Animais são capazes de acompanhar compassos de uma música, diz estudo

Senso de ritmo ajuda os animais a distinguir sons de diferentes fontes e sincronizar seus movimentos, melhorando a percepção

Anna Newby, SLATE

19 Fevereiro 2014 | 17h57

Animais dançando não fazem apenas sensação em vídeos que se tornam virais. Eles também são objeto de pesquisas científicas sérias. Na conferência anual da Associação Americana para o Avanço da Ciência em Chicago, no fim de semana, um painel discutiu a capacidade de alguns animais de marcar os compassos de uma música.

A sessão, intitulada “Treinamento Rítmico de Animais não humanos: uma trajetória evolucionária da percepção de tempo”, contou com especialistas em psicologia, neurociência, neurobiologia, linguagem e inteligência. De acordo com uma sinopse da sessão, com novos estudos “que prometem uma compreensão cada vez maior da trajetória evolucionária da percepção e cognição da dinâmica temporal, agora finalmente temos oportunidade de entender o que está por trás de todos esses vídeos de pássaros dançando”.

O senso de ritmo ajuda os animais a distinguir sons de diferentes fontes e sincronizar seus movimentos, melhorando a percepção graças aos períodos de relativo silêncio.
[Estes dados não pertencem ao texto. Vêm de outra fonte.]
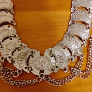 This elegant silver necklace features intricate chain detailing, perfect for adding a touch of sophistication to any outfit.

Segundo Aniruddh Patel, membro do painel e neurocientista cognitivo na Universidade Tufts, nos humanos o ritmo musical ativa uma ampla rede de regiões auditivas e de planificação motora do cérebro. Sabemos que estruturas como os gânglios da base são importantes para o senso de ritmo, e áreas do córtex parietal ajudam a coordenar diferentes regiões do cérebro. Atividades cerebrais similares foram observadas em outros animais.

Os pesquisadores agora demonstram especificamente a capacidade das cacatuas, dos bonobos, dos leões marinhos e outros aninais não só de sentir o ritmo da música e acompanhá-la, mas adaptar seus movimentos quando há uma mudança de compasso. Peter Cook, bolsista pós-doutorado na Emory University, que observou detidamente o leão marinho Ronan dançando, escreve que “os mecanismos neurais que sustentam a manutenção do ritmo flexível podem estar muito mais amplamente distribuído pelo reino animal do que se acreditava anteriormente”.

Estudos com o leão marinho são particularmente interessantes. Durante anos os cientistas achavam que o “treinamento rítmico” dos animais (a capacidade de sincronização com uma batida externa) estava necessariamente associado com a capacidade vocal de imitar sons. Os leões marinhos são bastante limitados em termos de sons que conseguem produzir, o que “era um problema de fato para a teoria com base n a qual a imitação vocal seria uma precondição necessária para o treinamento rítmico”, disse Peter Cook.